True or not, there in the flesh Tuesday inside Tom Gola Arena was Ted Valentine — TV Teddy himself, who had worked 10 Final Fours and four NCAA title games — happy to have the assignment. “This is city ball,” Valentine said during one break in the action, his own whistle used selectively. “They play, and they want to play.”
» READ MORE: In a season-opening dogfight, Drexel falls short in its Big 5 men’s hoops debut against La Salle
All that. Drexel’s first Big 5 game, and the Dragons fit right in. Nothing pretty, in Big 5 fashion. Nothing easy, in Big 5 fashion. By the end, the lead had changed 28 times. Crazy, even by Big 5 standards.
“That was a real basketball game,” noted one press row vet afterward. “Then Coatesville showed up.”
La Salle point guard Jhamir Brickus, the pride of Coatesville, took over late, getting La Salle the lead for good with 120 seconds left and adding free throws to put things away.

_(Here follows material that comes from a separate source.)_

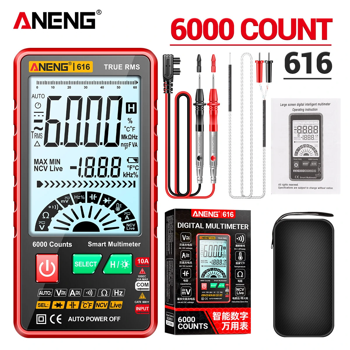 ANENG 616 Büyük Ekran Arkadan Aydınlatmalı Dijital Multimetre 6000 Sayma Ultra İnce Akıllı AC DC Gerilim Akım Multímetro Test AraçlarıAçıklama:Bu ürün, 6000 sayılı LCD ekranlı, pil ile çalışan, otomatik aralıklı, gerçek RMS dijital multimetre.616, 6000 sayım kapasiteli, ceb tipi gerçek etkili değer otomatik taramalı dijital bir metre.616, otomatik olarak farklı giriş voltaj/akım/direnç/vb. sinyallerine göre tanır ve ölçer.616, istikrarlı performans, yüksek hassasiyet ve net okuma özelliklerine sahiptir.616 ayrıca el feneri testi ek fonksiyonlarına sahiptir.616, fabrikalar, öğretim ve elektronik meraklıları için uygun bir araç ve alet olan ideal bir araçtır.Özellikler:FonksiyonAralıkÇözünürlükDoğrulukAC gerilimi0 ~ 600V0,1mV~1V±(1,5%+8d)DC gerilim0 ~ 600V0,1mV~1V±(1.2%+5d)AC akımı0~10A0.1mA~10mA±(2.5%+8d)DC akımı0~10A0.1mA~10mA±(2,2%+8d)Kapasitans6nF~60mF1pF~10μF±(10%+8d)Direniş0~60MΩ0,1Ω~10kΩ±(1.5%+10d)Hz0~10MHz±(4,0%+10d)NCV giriş√Canlı Sıfır Yangın√Diyot/Açık/Kapalı√el feneri√Gerçek zamanlı sıcaklık√veri saklama√pil modeliAAA*2parlak ekran√ürün malzemesiABStel malzemePVC/Brasmax display6000 countstoplam tel uzunluğu100cm/39.37inOtomatik kapanma√Pasiflik durumundan sonra 10 dakika geçtikten sonraNet Ağırlık105g (pil olmadan)Ürün Boyutu137.4*68.4*14.5mm/5.4*2.7*0.57inPaket Listesi:1 * Dijital Multimetre1 * Test Kurşunları1 * İngilizce Kullanıcı Kılavuzu1*Sıcaklık çizgisi1 * Depolama çantası2* İğne Ucu Prob1 * Paketleme kutusu

Drexel had come in as a 2½-point favorite and had won in overtime at Gola last season. But this was no shocker. Explorers coach Fran Dunphy is Mr. Big 5, with more City Series wins (OK, and losses) than any coach in history at his three local stops. More to the point, Brickus and backcourt mate Khalil Brantley are used to taking over late. Anwar Gill added a crucial steal and 15 points of his own. The Explorers earned this one, 67-61.
A coin flip throughout, with Amari Williams and Justin Moore leading Drexel. When a couple of late looks in the lane, good looks, didn’t fall for Drexel, the coin flipped for La Salle.
For the record, attendance was 1,641. So no, a new format won’t suddenly bring the Big 5 back to its glory days. But La Salle will have a date at Temple on Nov. 29 (7 p.m., ESPN+), and if the Explorers win at the Liacouras Center, they know they’ll be in the Big 5 title game on Dec. 2 at the Wells Fargo Center.
“It was a great game, whether it was the first Big 5 game or it was just Drexel-La Salle,” said Dragons coach Zach Spiker. “I think we had a lead, was it five?”
It was three, probably felt like five. The only time in the first 15 minutes of the second half that either team had more than a two-point lead.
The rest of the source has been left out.